# [Data for analysis]
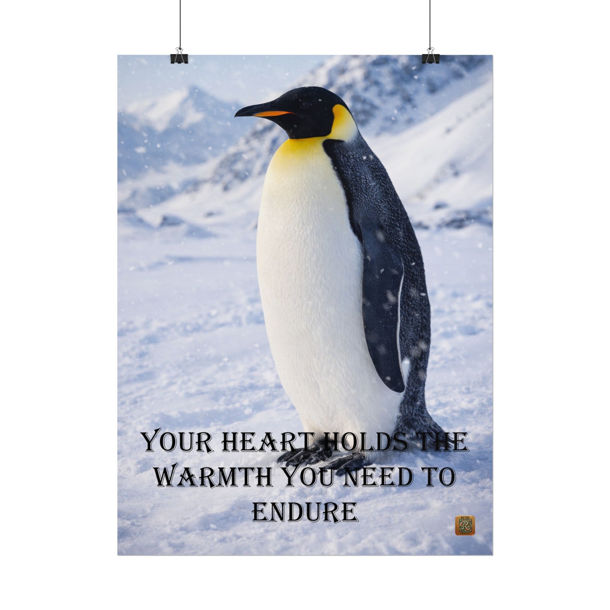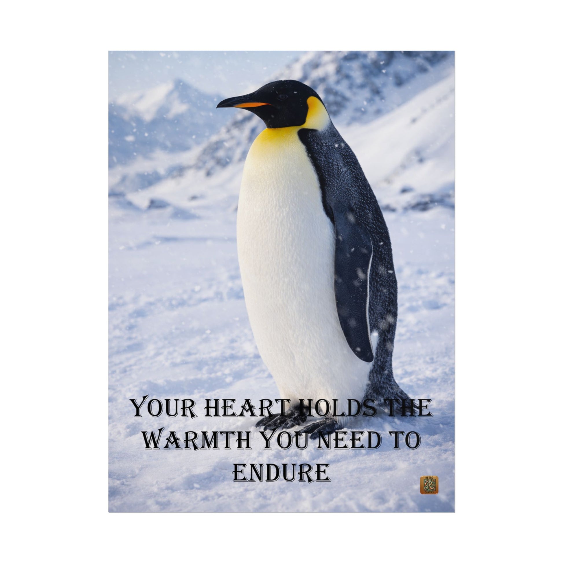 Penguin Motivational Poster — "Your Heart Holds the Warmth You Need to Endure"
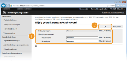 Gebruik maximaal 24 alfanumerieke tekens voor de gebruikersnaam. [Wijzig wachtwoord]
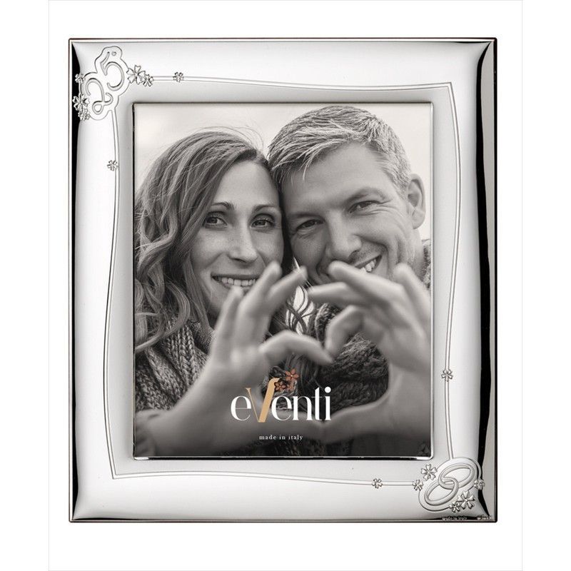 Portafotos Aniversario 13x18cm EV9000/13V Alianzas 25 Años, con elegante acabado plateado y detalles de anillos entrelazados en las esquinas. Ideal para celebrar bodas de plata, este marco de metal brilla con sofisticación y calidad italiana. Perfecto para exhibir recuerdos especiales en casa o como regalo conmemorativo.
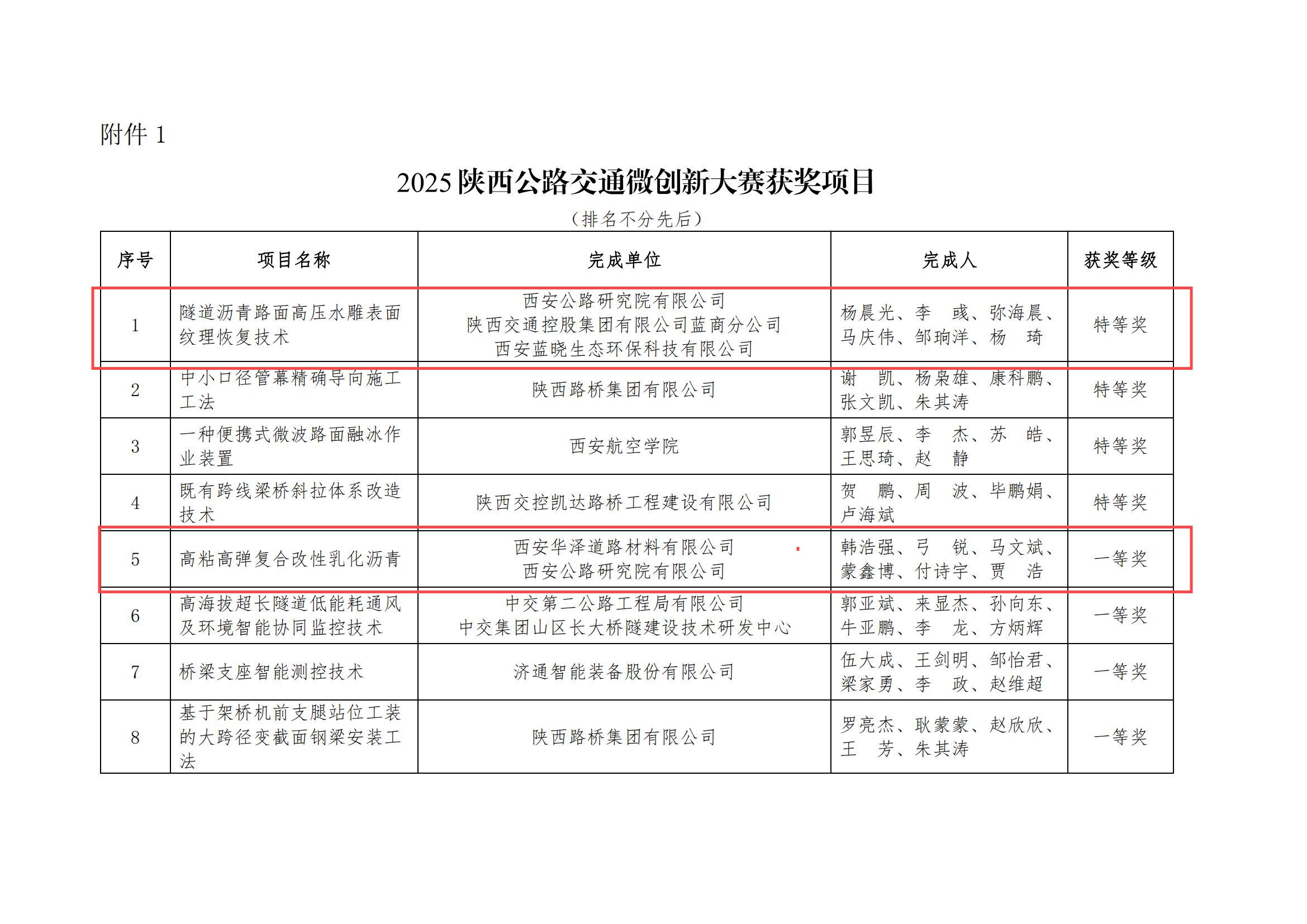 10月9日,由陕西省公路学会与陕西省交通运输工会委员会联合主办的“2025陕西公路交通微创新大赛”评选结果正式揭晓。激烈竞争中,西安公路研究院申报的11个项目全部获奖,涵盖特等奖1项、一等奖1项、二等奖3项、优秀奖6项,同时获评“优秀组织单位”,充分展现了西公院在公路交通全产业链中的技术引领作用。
* * *
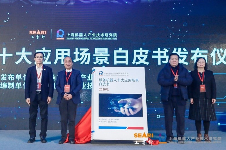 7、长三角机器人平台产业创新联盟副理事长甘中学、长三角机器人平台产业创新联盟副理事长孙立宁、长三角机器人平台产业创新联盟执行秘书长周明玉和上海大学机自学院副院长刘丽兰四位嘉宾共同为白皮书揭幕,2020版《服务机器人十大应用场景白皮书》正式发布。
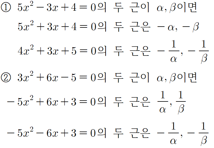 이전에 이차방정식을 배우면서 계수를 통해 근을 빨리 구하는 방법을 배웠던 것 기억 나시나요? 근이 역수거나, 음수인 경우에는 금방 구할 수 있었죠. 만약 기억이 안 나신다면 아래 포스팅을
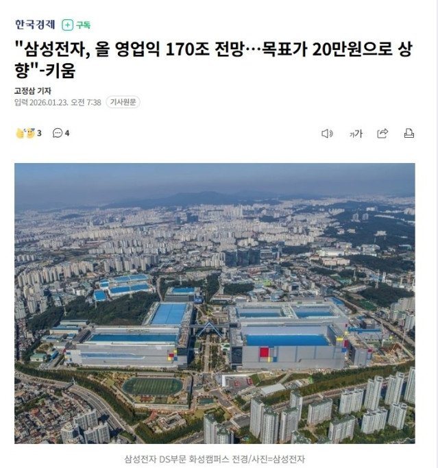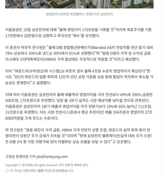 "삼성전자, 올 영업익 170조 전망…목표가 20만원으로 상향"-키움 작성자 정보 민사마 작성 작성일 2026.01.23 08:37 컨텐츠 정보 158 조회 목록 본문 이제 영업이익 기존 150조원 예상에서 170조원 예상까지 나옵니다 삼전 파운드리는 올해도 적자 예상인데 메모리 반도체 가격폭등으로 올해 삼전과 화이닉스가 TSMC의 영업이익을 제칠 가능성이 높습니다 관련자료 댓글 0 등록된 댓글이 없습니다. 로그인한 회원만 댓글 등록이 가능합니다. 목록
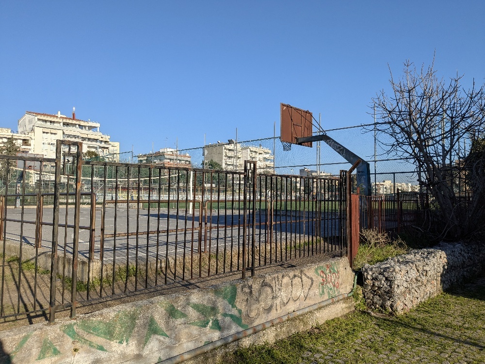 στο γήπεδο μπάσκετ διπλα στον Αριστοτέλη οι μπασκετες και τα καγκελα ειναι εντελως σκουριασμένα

# [What the exercise asks]
Print, word for word, the lines above that run from the line containing "Penguin Motivational Poster" to the line containing "10月9日,由陕西省公路学会", both included. Keep the pictures out.

# [Answer box]
 Penguin Motivational Poster — "Your Heart Holds the Warmth You Need to Endure"
 Gebruik maximaal 24 alfanumerieke tekens voor de gebruikersnaam. [Wijzig wachtwoord]
 Portafotos Aniversario 13x18cm EV9000/13V Alianzas 25 Años, con elegante acabado plateado y detalles de anillos entrelazados en las esquinas. Ideal para celebrar bodas de plata, este marco de metal brilla con sofisticación y calidad italiana. Perfecto para exhibir recuerdos especiales en casa o como regalo conmemorativo.
 10月9日,由陕西省公路学会与陕西省交通运输工会委员会联合主办的“2025陕西公路交通微创新大赛”评选结果正式揭晓。激烈竞争中,西安公路研究院申报的11个项目全部获奖,涵盖特等奖1项、一等奖1项、二等奖3项、优秀奖6项,同时获评“优秀组织单位”,充分展现了西公院在公路交通全产业链中的技术引领作用。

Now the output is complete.